ACTIVITY ▸ An exact copy of the data is needed, but without any of its images.

DATA ▸
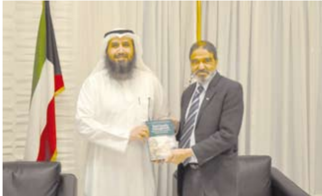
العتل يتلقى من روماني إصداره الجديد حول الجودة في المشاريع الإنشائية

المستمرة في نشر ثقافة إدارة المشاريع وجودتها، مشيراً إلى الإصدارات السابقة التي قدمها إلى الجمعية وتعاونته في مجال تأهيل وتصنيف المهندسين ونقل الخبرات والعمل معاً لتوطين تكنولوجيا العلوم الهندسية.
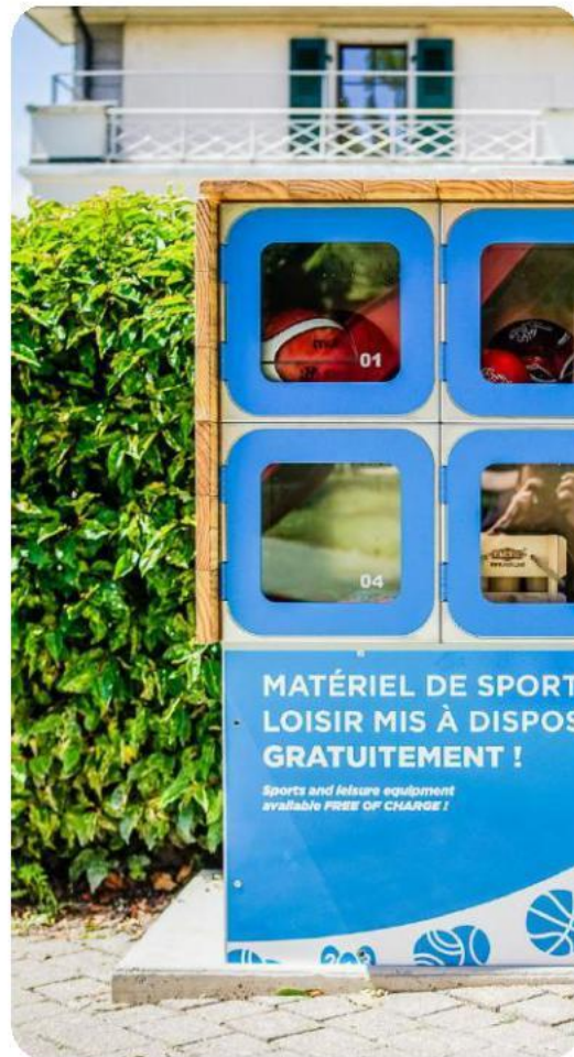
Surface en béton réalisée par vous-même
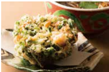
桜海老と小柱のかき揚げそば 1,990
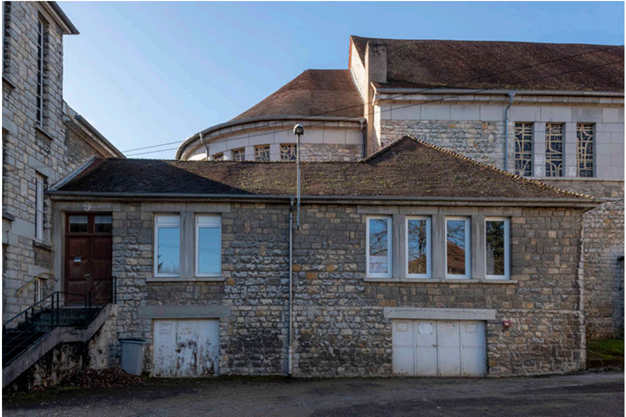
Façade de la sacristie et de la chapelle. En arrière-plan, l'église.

EXERCISE ANSWER ▸
العتل يتلقى من روماني إصداره الجديد حول الجودة في المشاريع الإنشائية

المستمرة في نشر ثقافة إدارة المشاريع وجودتها، مشيراً إلى الإصدارات السابقة التي قدمها إلى الجمعية وتعاونته في مجال تأهيل وتصنيف المهندسين ونقل الخبرات والعمل معاً لتوطين تكنولوجيا العلوم الهندسية.
Surface en béton réalisée par vous-même
桜海老と小柱のかき揚げそば 1,990
Façade de la sacristie et de la chapelle. En arrière-plan, l'église.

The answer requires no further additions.